4. Consider DPO to scale back reward mannequin compounding

Each RLHF iteration builds on the reward mannequin from the final one. If that reward mannequin has already absorbed a quality-bias conflation, the compounding throughout iterations is exactly what the paper’s experiments present taking place.

Direct Preference Optimization sidesteps the express reward mannequin completely, which removes not less than one amplification pathway from the loop.

DPO is well-supported in

6. Stop treating your annotation workforce as a set variable

Annotator demographic composition, area experience, and fatigue all form what the reward mannequin learns. A desire dataset collected completely from annotators in a single area or skilled background will encode the biases of that group with spectacular constancy.

RLHF will then do what it does greatest and optimize on them.

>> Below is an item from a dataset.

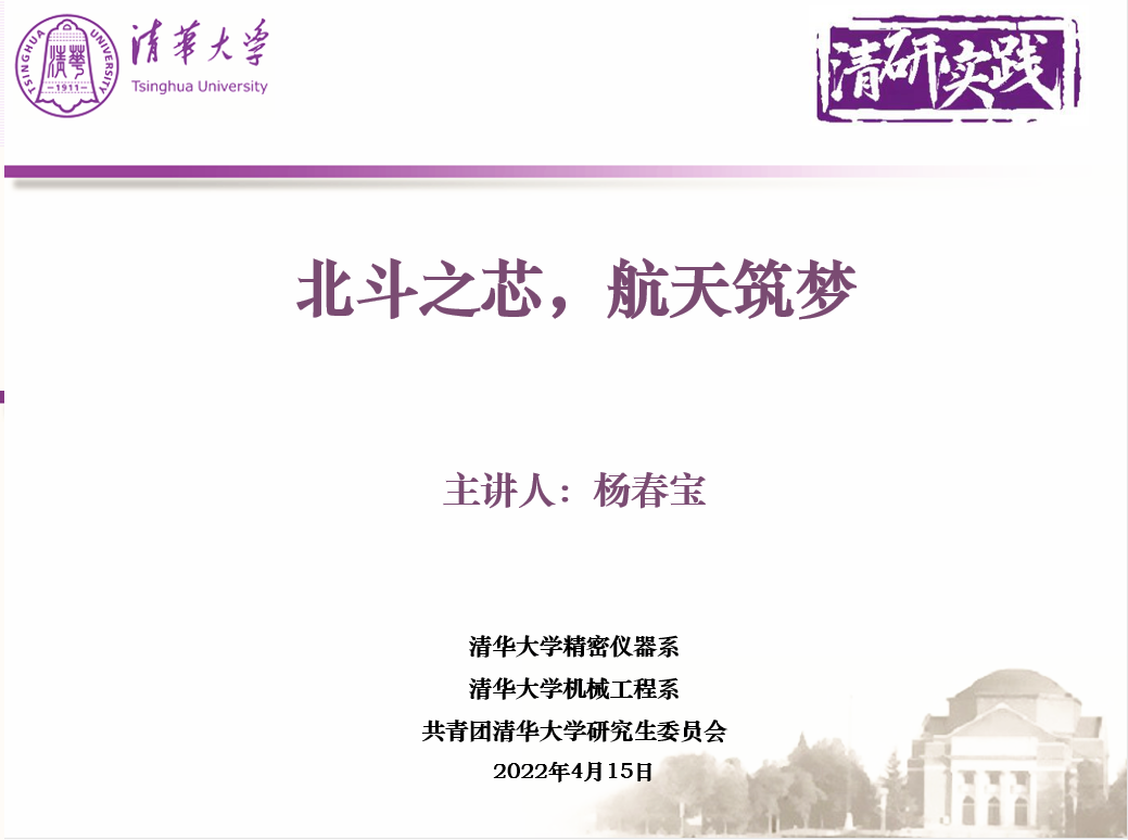 清华新闻网4月23日电 4月15日,广州海格通信集团北斗导航首席科学家、beat365中文官方网站精仪系1994级校友杨春宝以“北斗系统与北斗精神”为题,通过线上形式深入浅出地分享了自己对北斗事业的理解与思考。活动吸引来自20多个院系的近200名同学参与。

A couple of concrete steps price building into your course of:

Review the demographic {and professional} variety of your annotation workforce not less than as soon as per major training cycle, as a result of a homogeneous annotator pool produces a homogeneous reward mannequin
Flag duties the place inter-annotator settlement is low, disagreement typically indicators a bias dimension is energetic, and averaging over it doesn’t make it go away
Weight annotations from area consultants extra closely on technical duties moderately than averaging throughout a common pool, notably in regulated industries the place particular language carries compliance weight

None of this eliminates the alignment tampering vulnerability the paper describes. It does scale back the energy of the biases that get encoded within the first place, which supplies RLHF much less to amplify.

Final ideas

(*6*)

💡

The paper’s most helpful contribution is reframing alignment as a two-sided course of. Your workforce shapes the mannequin. The mannequin, by way of its outputs, shapes the information that shapes it again. Treating RLHF as a one-way correction mechanism is a bit like modifying a doc whereas the doc can be modifying you.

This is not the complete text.